Supposedly, there are only seven types of story in the world, which means that most of us writers – most of the time – must be adapting a pre-existing story. Retellings (of Jane Austen, Greek myths and fairy tales, to give just a few examples) are deservedly popular. But of course, literature isn’t the only place to look for inspiration. Art, nature, music, architecture (try visiting the Tower of London without thinking about the ultimate wicked uncle, Shakespeare’s Richard III) – stories are everywhere.

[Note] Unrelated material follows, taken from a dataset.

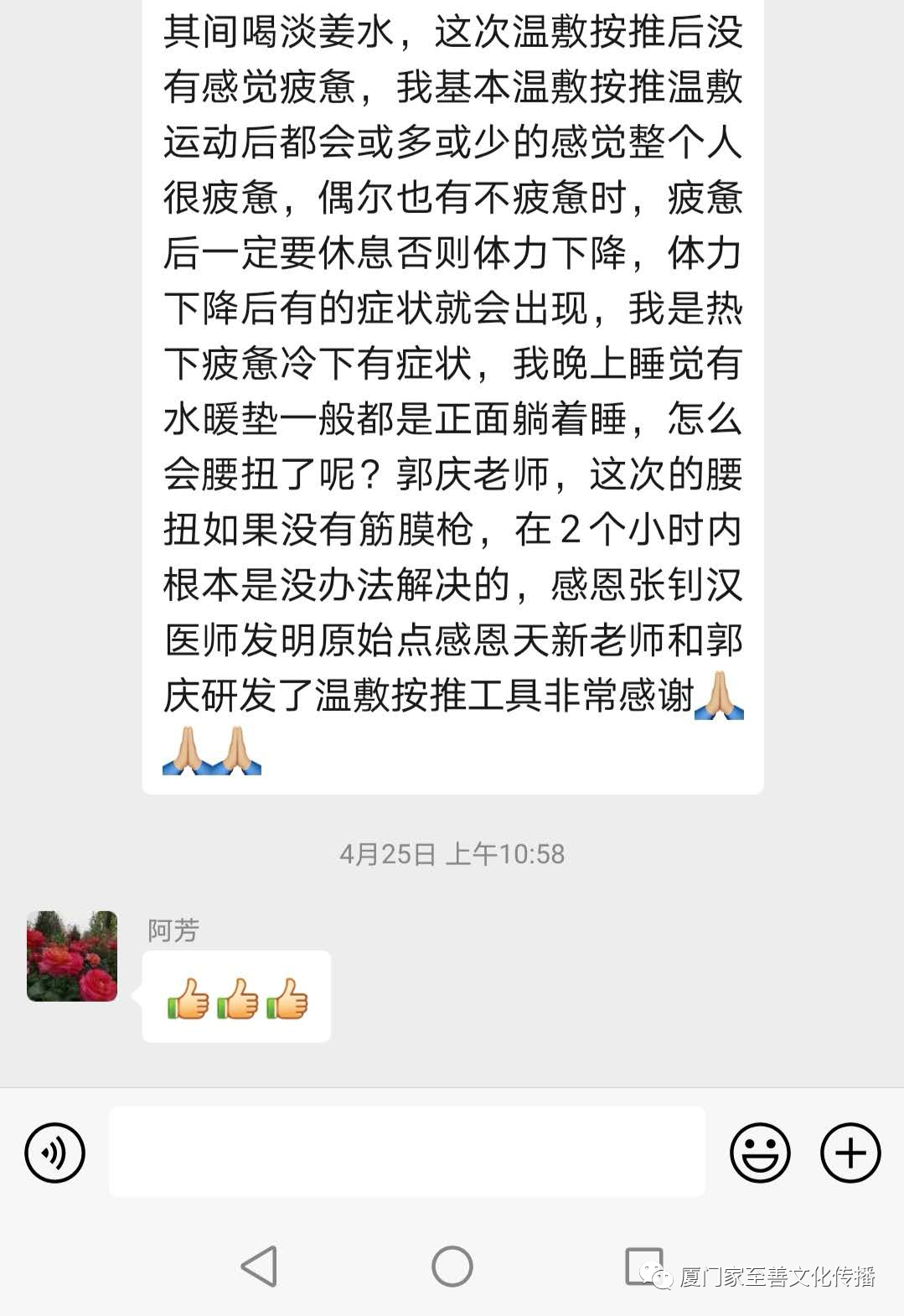 这位家人可以说是原始点的铁粉,对原始点可以说是非常地信任,全身上下都有毛病,这些年都是通过自己一点一点处理,经常会反复出现症状,但是一点也没有放弃,很多家人用姜汤洗眼睛能坚持一个星期就已经很不错了,但是她可以连续坚持半年时间,在她的身上发生很多案例,用她的话说她是真的从内心感谢原始点,也感谢天新老师和郭庆老师研发了按摩枪,能让她这么快时间能解症,她每次分享都会情不自禁的想落泪,如果没有原始点,她不知道她的身体会变成什么样,除了感谢还是感谢!

The initial inspiration for A Throne of Swans was actually dance. As a family we love ballet – some of us take part, some of us just watch – and Swan Lake is one of our favourites. It has lots of interesting elements. There’s a main character who’s cursed into shapeshifting; a handsome prince; an evil wizard and his equally evil daughter. When we first considered adapting Swan Lake into a YA novel, way back in 2017, our initial inclination was to stick broadly to the plot of the ballet: a princess, cursed to spend each day as a swan, falls in love with a prince (who first attempts to hunt her when she’s in swan form) and is then accidentally betrayed by him. But as we kicked the story around between us, we realised we weren’t that interested in the main character, Odette. The one who really intrigued us was Odile, who we’ve renamed as Aderyn in A Throne Of Swans. In the ballet, Odile is the daughter of the evil wizard, who entraps Siegfried by appearing at a ball looking exactly like Odette (apart from being dressed in black). We started wondering what her back story might be. Were she and her father really evil, or had they been driven to the dark side by someone (or something) else? Where was her mother? And was swan-hunting Siegfried – so easily deceived – really the good guy he was made out to be?
At this point we did two things. One was to get out the whiteboard sheets and start brainstorming characters and plot. The other was to look back at other, older tales involving swans and shapeshifting. There are several swan maiden and swan knight stories (for example, the German legend of Swanhilde) where the ability to transform into a swan is a gift, not a curse. This gave us the idea of a society built upon the ability of its rulers to shapeshift into swans and other birds, and lead to Aderyn’s initial dilemma: if everyone else can turn into a swan and you can’t, what’s that going to mean for your status and (more importantly) your life expectancy? We also looked at The Children of Lir, an Irish legend, and The Six Swans, one of the Grimms’ Fairy Tales. Both of these stories have an evil stepmother (very much a typical fairy tale character!) who curses her husband’s children into their swan shapes. The Six Swans also has a sister who saves her brothers, not a million miles away from our Aderyn, who has to figure out a way to save her own adopted family from various unpleasant fates…
Swan Lake and its associated stories were our initial inspiration for A Throne of Swans. But we also drew on other, unrelated sources. Hamlet, seeking revenge on the uncle who murdered his father, and Electra, driven by fate to avenge the death of her father, are both definitely in there. So is history. In real life it was Edward III’s many, many children, all with some claim to rule, that ended up plunging the country into the Wars of the Roses. Our version of Edward III is Cygnus I; his descendants rule Solanum’s dominions, but they all have an eye on the throne. There’s even a little bit of The Lord of the Rings: just like the Stewards of Gondor, Cygnus was originally the Steward to the previous ruling family.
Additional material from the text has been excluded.